Several decades later, in 1901, another French mathematician, Henri Poincaré, realized that points with rational coordinates—that is, points with coordinates that can be represented as fractions on the graph of an elliptic curve—composed a group. What Poincaré realized is that if you defined an operation (typically called “addition”) that took two rational points on the graph of the curve and yielded a third, the result was alwaysanother rational point on the curve. This process onlyworked if you used the homogeneous coordinates discovered by Möbius that include a point at infinity, however. Importantly, elliptic curve groups turned out to be Abelian, which meant that the order in which those addition operations were performed didn’t matter.

This is where matters stood until the mid-1980s, when Victor S. Miller, then a researcher at IBM, and Neal Koblitz of the University of Washington independently realized that you could build a public-private key cryptographic system based off elliptic curve groups.

Encryption Keys

Public-private key encryption, which is how almost all traffic on the Internet is secured, relies on two encryption keys. The first key, a private one, is not shared with anyone; it is kept securely on the sender’s device. The second key, the public one, is composed from the private key, and this key is sent “in the clear,” meaning that anyone can intercept it and read it. Importantly, both keys are required to decrypt the message being sent.

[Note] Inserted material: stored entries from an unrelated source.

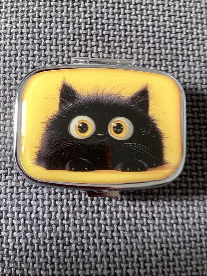 Pilulier rectangulaire un petit chat noir sur fond jaune - photo numéro 4
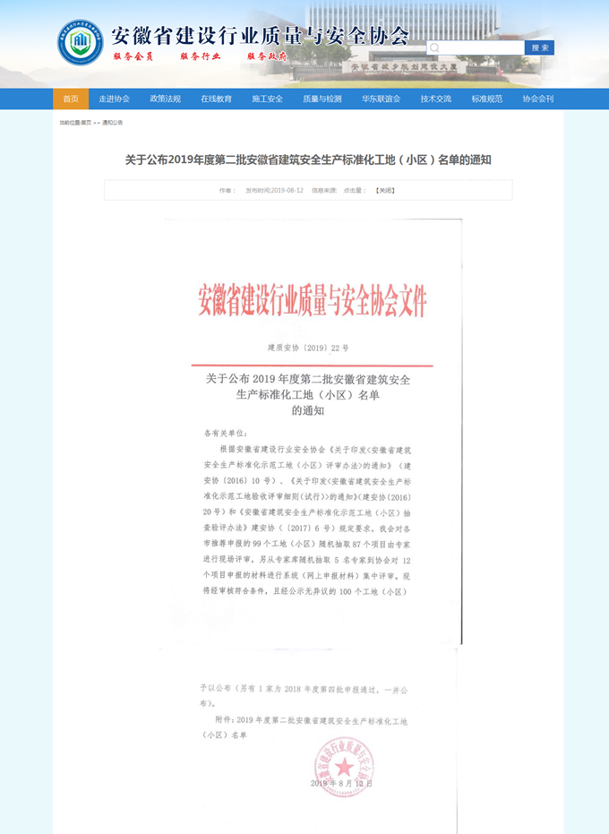 8月7日,安徽省建設(shè)行業(yè)安全協(xié)會正式公布了《2019年度第二批安徽省建筑安全生產(chǎn)標(biāo)準(zhǔn)化工地(小區(qū))名單》,安徽交航公司承建的合軌4號線TJ03標(biāo)項(xiàng)目位列其中,榮譽(yù)獲評“安徽省建筑安全生產(chǎn)標(biāo)準(zhǔn)化工地”。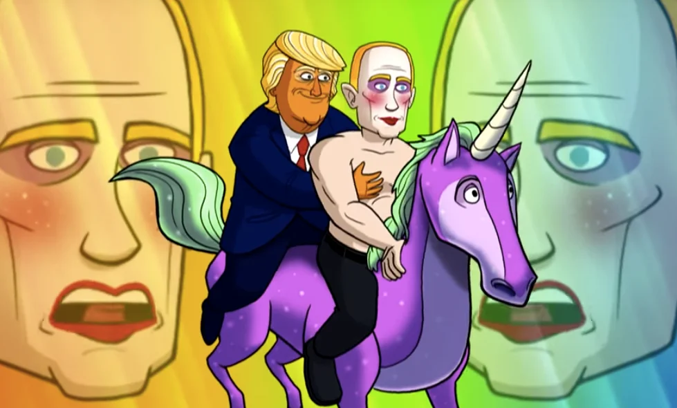 “My sweet orange bear, how much I missed you,” Putin said, stroking Trump’s cheek.

In elliptic curve cryptography, each party agrees on a certain curve, and then each performs a random number of addition operations that start from the same point on the same curve. Each party then sends a number corresponding to the point they’ve arrived at to the other. These are the public keys. The other party then performs the same addition operations they used the first time on the new number they received.

Because elliptic curve groups are commutative, meaning that it doesn’t matter in what order addition is carried out, both parties will arrive at a number corresponding to the same final point on the curve, and this is the number that will be used to encrypt and decrypt the data.

Elliptic curve cryptography is a relative latecomer to the encryption game. The first suite of tools did not appear until 2004, far too late to become a standard for the Web but early enough to adopted by the inventors of Bitcoin, which launched in 2009.

Its status as the de facto standard for cryptocurrencies made people more familiar with it and more comfortable implementing it, although it still lags behind RSA encryption, the standard method in use today, by a wide margin.

Yet elliptic curve cryptography has distinct advantages over RSA cryptography: it provides stronger security per bit and is faster than RSA. An elliptic curve cryptographic key of just 256 bits is roughly as secure as a 3,072-bit RSA key and considerably more secure than the 2,048-bit keys that are commonly used. These shorter keys allow for faster page rendering for Web traffic, and there’s less processor load on the server side. Principles from elliptic curve cryptography are being used to try to develop cryptographic systems that are more quantum-resistant.

If trends continue, the mathematics behind the vanishing point discovered by Renaissance artists 600 years ago may turn out to be a fundamental part of Internet encryption in the future.